Work to be completed: Beginning with the line that holds "مزایده فروش املاک" and finishing with the line that holds "Deputy Secretary General of", repeat the listing exactly, leaving every picture out.

START Entries provided

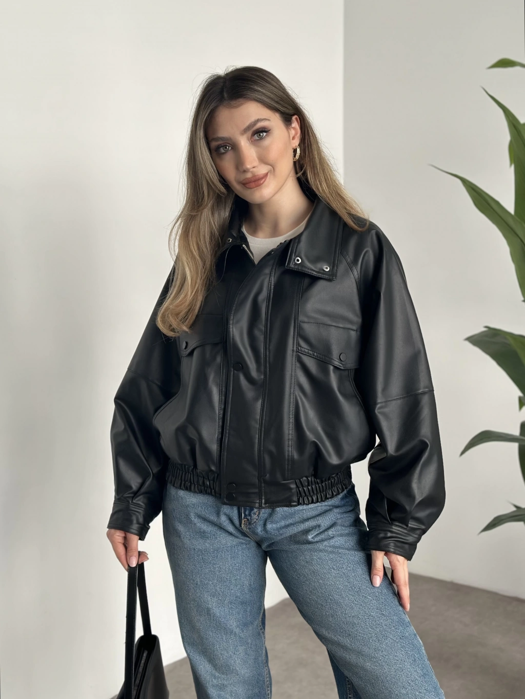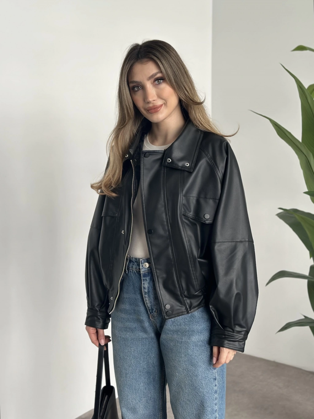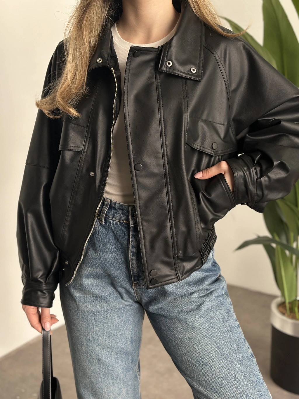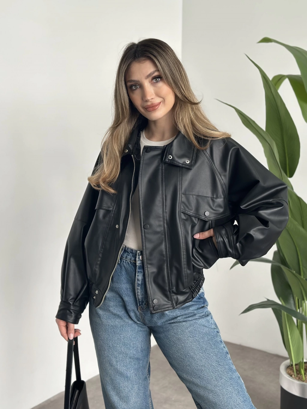 Dokulu süet içi peluşlu oversize marka model mont siyah
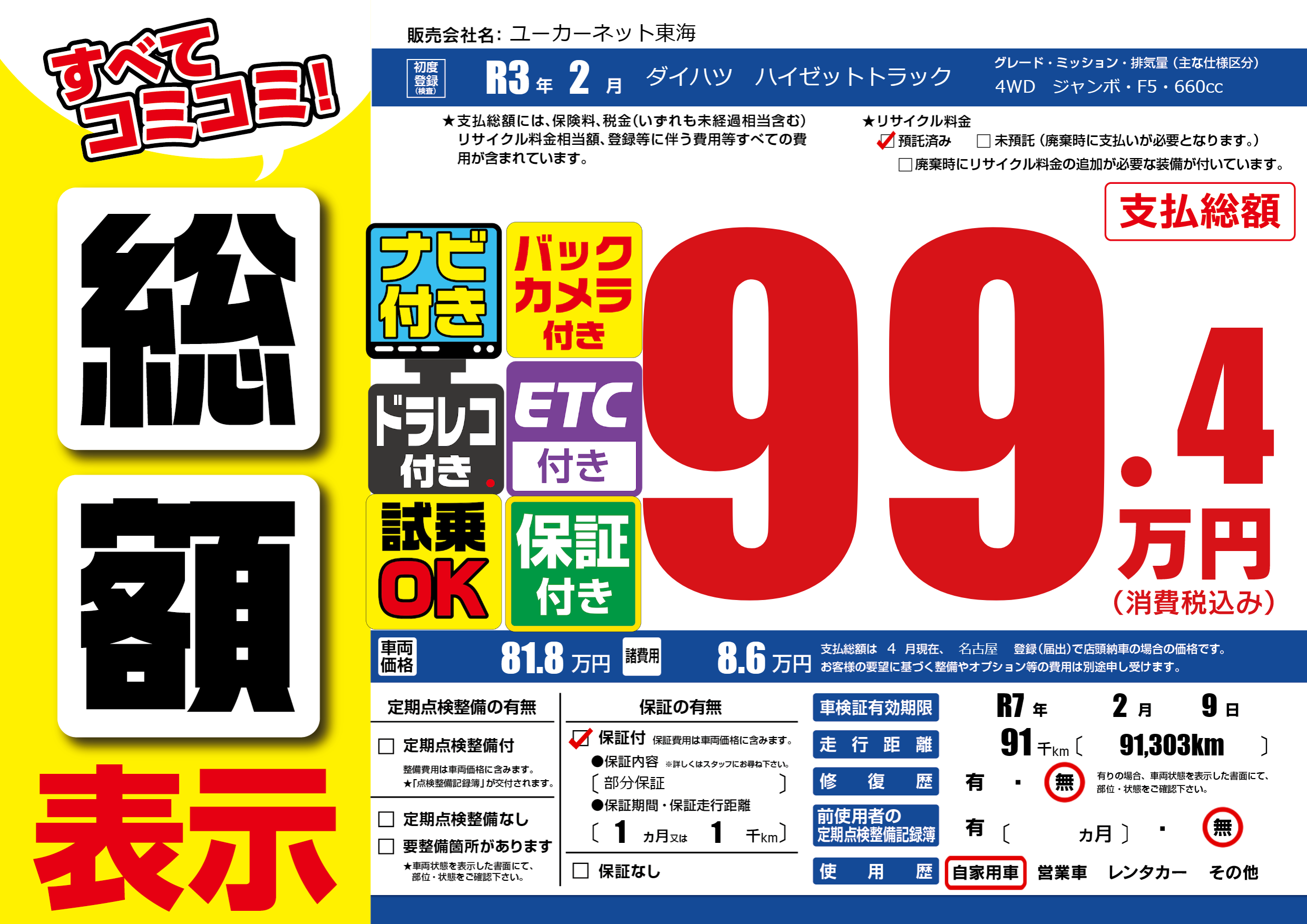 | 走行キロ | 9.1万km | 初年度登録 | R3年2月 |
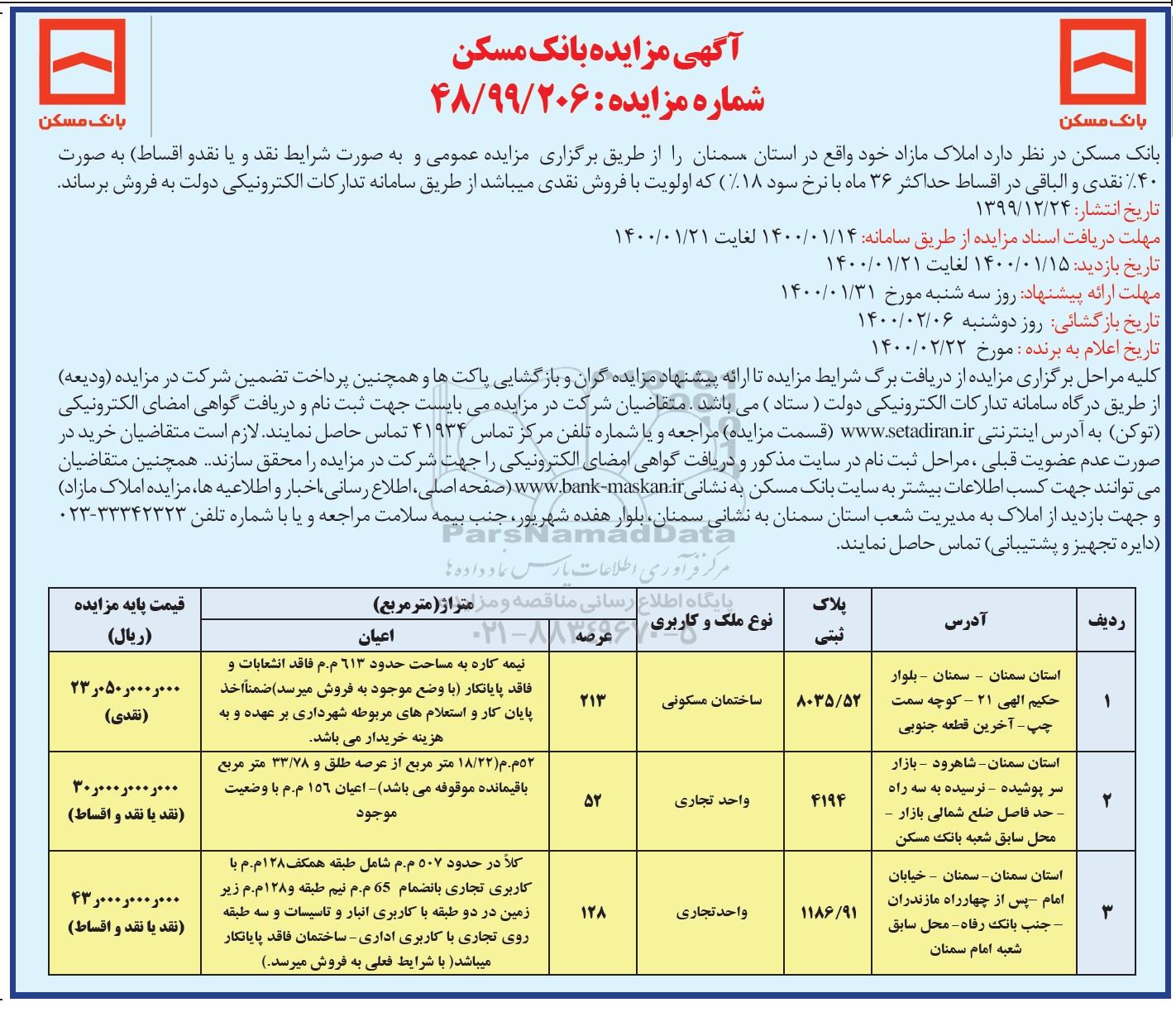 مزایده فروش املاک مازاد کابری مسکونی و تجاری شماره مزایده 48.99.206
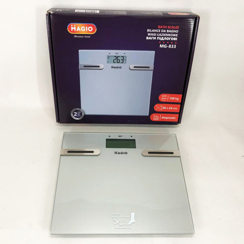 Стильні та багатофункціональні, підлогові ваги MG-833 – це ідеальне рішення для тих, хто прагне підтримувати здоровий спосіб життя . Вишуканий дизайн, поєднаний із передовими технологіями, робить ці ваги незамінним аксесуаром у вашому будинку.
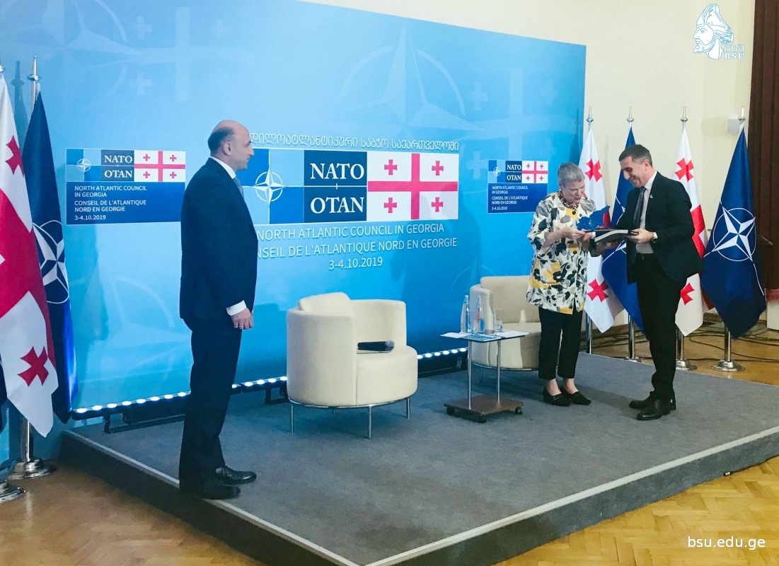 Deputy Secretary General of NATO Rose Gottemoeller met the students from western Georgia higher education institutions at Batumi Shota Rustaveli State University. At the meeting, the Deputy Secretary General spoke about the NATO-Georgia relationship, the world security challenges and the mechanisms for dealing with it together with the students and answered some questions from students. At the end of the meeting, Rector of BSU Merab Khalvashi expressed gratitude towards Rose Gottemoeller for the visit and handed a book "Treasure of Adjara" and a map of Georgia with the logo of NATO made by BSU Fablab.
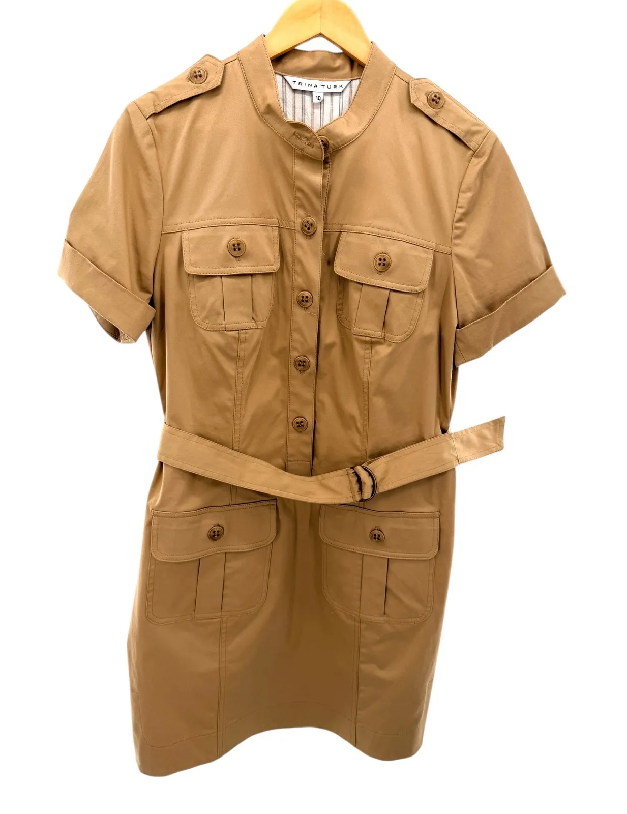 Trina Turk safari-inspired utility shirt dress in a classic tan khaki hue. This polished yet effortl... Show more
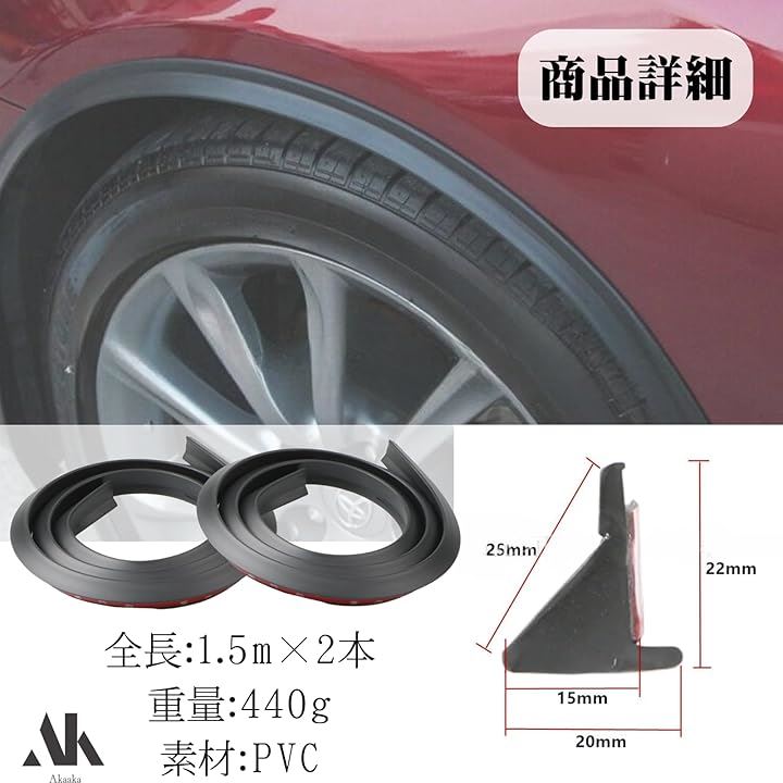フェンダーモール オーバーフェンダー アーチ 車 汎用 簡単装着 ドレスアップ 外装 カスタム 1.5m 2本セット
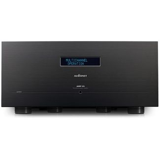 Оконечник Audionet AMP VII создан для работы в составе домашнего кинотеатра самого высокого уровня и обеспечивает качественное усиление вплоть до 7.1-канальной конфигурации. Модель выдает 150 Вт на канал при 8 Ом и 250 Вт на канал при 4 Ом.Массивный корпус аппарата опирается на 6 ножек и весит 58 кг, а его толстые алюминиевые панели препятствуют проникновению внешних помех. Фронтальная 10 мм панель содержит люминесцентный 2-строчный дисплей и кнопку, которая подает питание, переводит усилитель в режим standby и позволяет изменять его настройки в меню. Выключатель питания вынесен на днище корпуса.Для сохранения качественных характеристик Audionet AMP VII при любых условиях работы применяется технология ультралинейного усиления ULA. На борту имеются 7 съемных усилительных модулей, каждый из которых оснащен тороидальным силовым трансформатором мощностью в 650 ВА и шестью конденсаторами общей емкостью в 50000 мкФ. Благодаря такой конструкции удается минимизировать взаимное влияние каналов друг на друга. Входные секции представляют собой двойные дифференциальные предусилители, построенные на быстрых двойных монолитных транзисторах и обеспечивающие развязку с выходными секциями. В выходном каскаде каждого из семи модулей установлено по четыре МОП-транзистора с активным управлением токами смещения. Искажения корректируются в режиме реального времени. Управляет функциями оконечника микропроцессор, который также обеспечивает защиту от перегрузки, перегрева, самовозбуждения и других факторов. В Audionet AMP VII используются два гнезда для двух силовых кабелей.В сигнальных цепях нет вносящих искажения электромеханических элементов и разделительных конденсаторов. С целью сокращения путей прохождения сигнала и понижения искажений на ВЧ применяется поверхностный монтаж. Задействованы комплектующие премиум-класса, в т.ч. аудиофильские электролитические конденсаторы, сердечник которых выполнен из шелка. Для разводки применен кабель с проводниками из сплава золота с серебром. Аппара
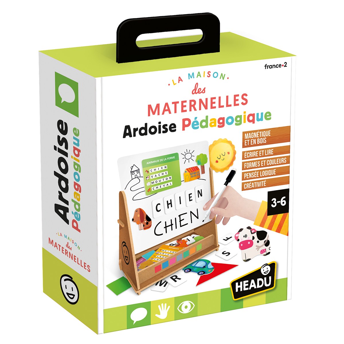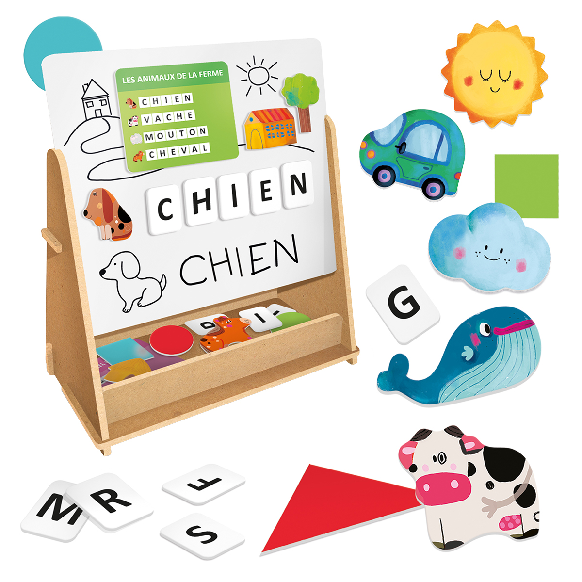 Un riche kit de matériel pédagogique et 100 aimants pour apprendre de nombreux nouveaux mots, formes et couleurs. Avec le tableau magnétique spécial et en bois, vous pouvez apprendre à écrire et à lire de manière originale et amusante.

END Entries provided

Output of the task:
 مزایده فروش املاک مازاد کابری مسکونی و تجاری شماره مزایده 48.99.206
 Стильні та багатофункціональні, підлогові ваги MG-833 – це ідеальне рішення для тих, хто прагне підтримувати здоровий спосіб життя . Вишуканий дизайн, поєднаний із передовими технологіями, робить ці ваги незамінним аксесуаром у вашому будинку.
 Deputy Secretary General of NATO Rose Gottemoeller met the students from western Georgia higher education institutions at Batumi Shota Rustaveli State University. At the meeting, the Deputy Secretary General spoke about the NATO-Georgia relationship, the world security challenges and the mechanisms for dealing with it together with the students and answered some questions from students. At the end of the meeting, Rector of BSU Merab Khalvashi expressed gratitude towards Rose Gottemoeller for the visit and handed a book "Treasure of Adjara" and a map of Georgia with the logo of NATO made by BSU Fablab.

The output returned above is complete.